More importantly, four employees were hospitalized by the fire. CVR's management is focused on providing assistance to the injured employees and their families.
Despite this tragic accident, we believe that CVR has one of the best safety records in the industry and CVR management remains committed to providing a safe environment for all of CVR's employees. CVR Partners reported Q2 2014 adjusted EBITDA of $26 million, compared to $44 million in Q2 2013.
Production levels in Q2 2014 were impacted by planned downtime at the fertilizer plant.
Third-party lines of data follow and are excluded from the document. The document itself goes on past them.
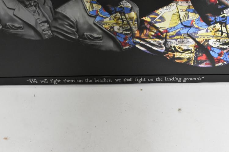 Lot 40 of 2039: DIRTY HANS (Contemporary British); original colour print on faux canvas, 'Winston Churchill', signed lower right, 70.5 x 122cm, in titled frame, additionally lettered at the bottom 'We will fight them on the beaches, we shall fight them on the landing grounds'. (D)
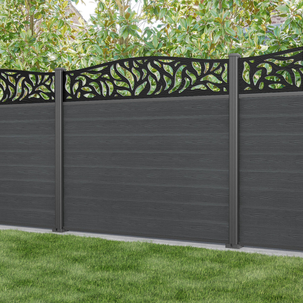 Classic Plume Curved Top Fence Panel Dark Grey - with our aluminium posts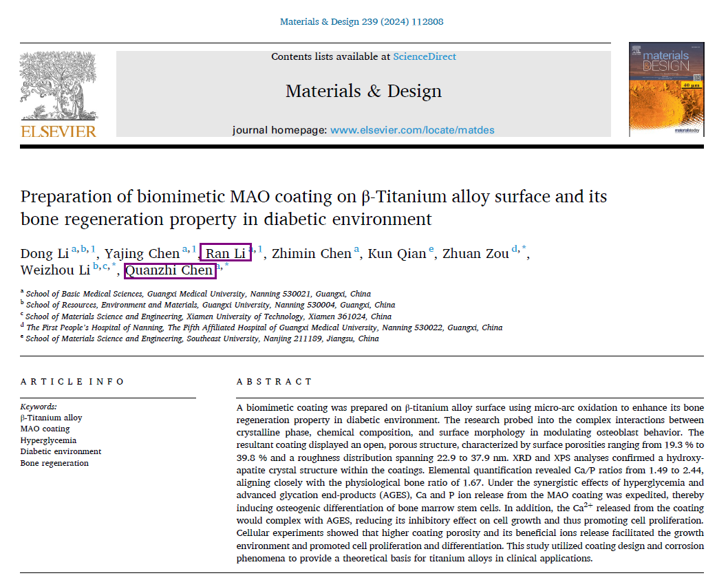 原文链接:Preparation of biomimetic MAO coating on β-Titanium alloy surface and its bone regeneration property in diabetic environment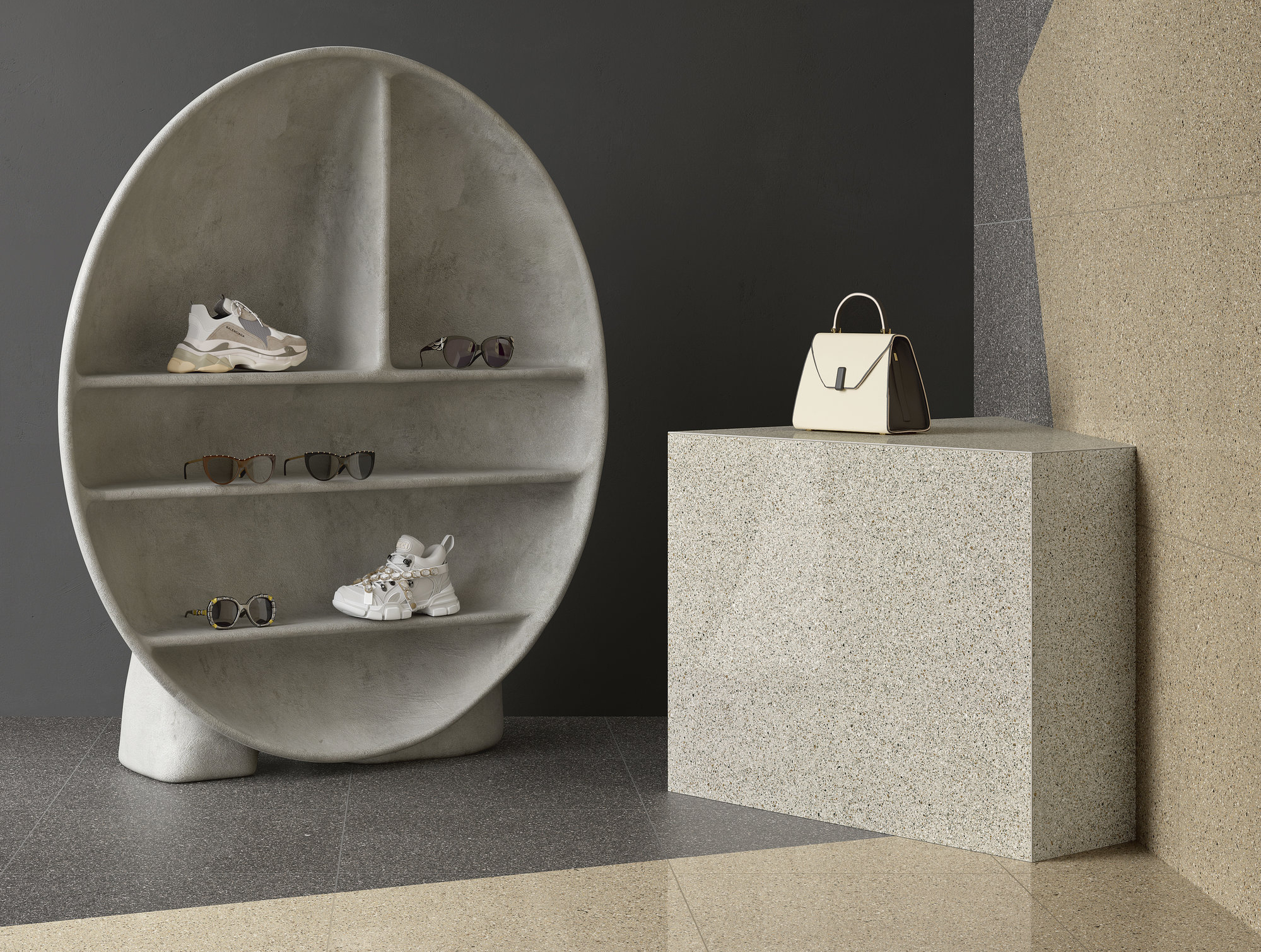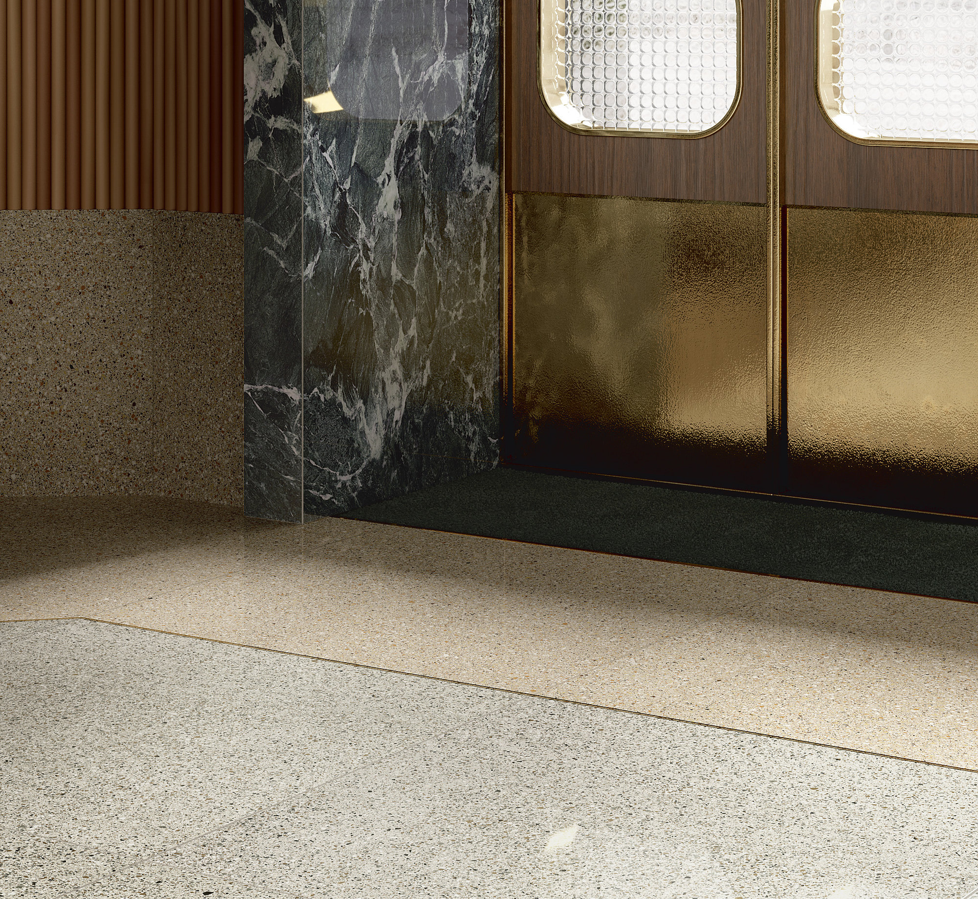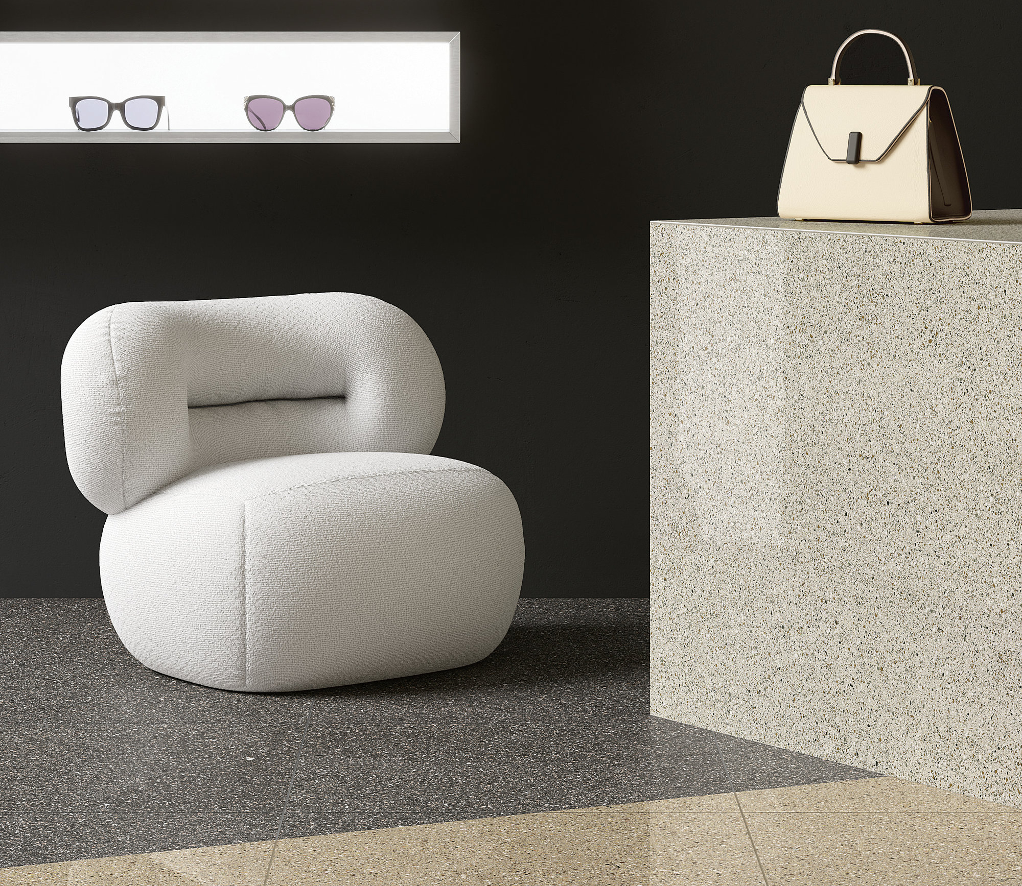 Emana reverberos casi astrales la mezcla ininterrumpida de elementos gráficos en el tono del plateado. Hay un equilibrio impecable entre el punteado claro y el oscuro, una correspondencia fluida entre mil tonos de gris que hacen a la superficie dinámica pero también discreta. El ambiente absorbe y al mismo tiempo suelta un atractivo retrofuturista.

Average realized plant gate prices for UAN was $283 per ton, compared to $331 per ton in the same period in 2013.
Now turning to our Automotive segment. Our Automotive segment's Q2 2014 sales were $1.9 billion, which was a year-over-year improvement of 5%.
Operational EBITDA was $180 million in Q2 2014, up 11% in Q2 2013. Federal-Mogul's improved financial results for the quarter were driven by higher sales volume and market share gains in the Powertrain division, as well as continued improvements in operational performance.
On a global basis, Powertrain had revenues of over $1.2 billion in Q2 2014, compared to $1.1 billion in the prior year period. The Powertrain segment is continuing to gain market share in all regions.
Revenue in North America was up 12% while light vehicle production was flat in Q2 2014, and commercial vehicle production grew by 5%. In Europe, Q2 2014 sales were up 4% compared to a slight increase in light vehicle production of 1% and a decline in commercial vehicles of 6%.
Powertrain revenue in all other regions was up 11% on a constant dollar basis, driven by strong sales in China where sales increased 24% compared to 2013. Powertrain's operational EBITDA continued to improve as the division recorded $117 million in Q2 2014, an increase of $12 million over the same period in '13.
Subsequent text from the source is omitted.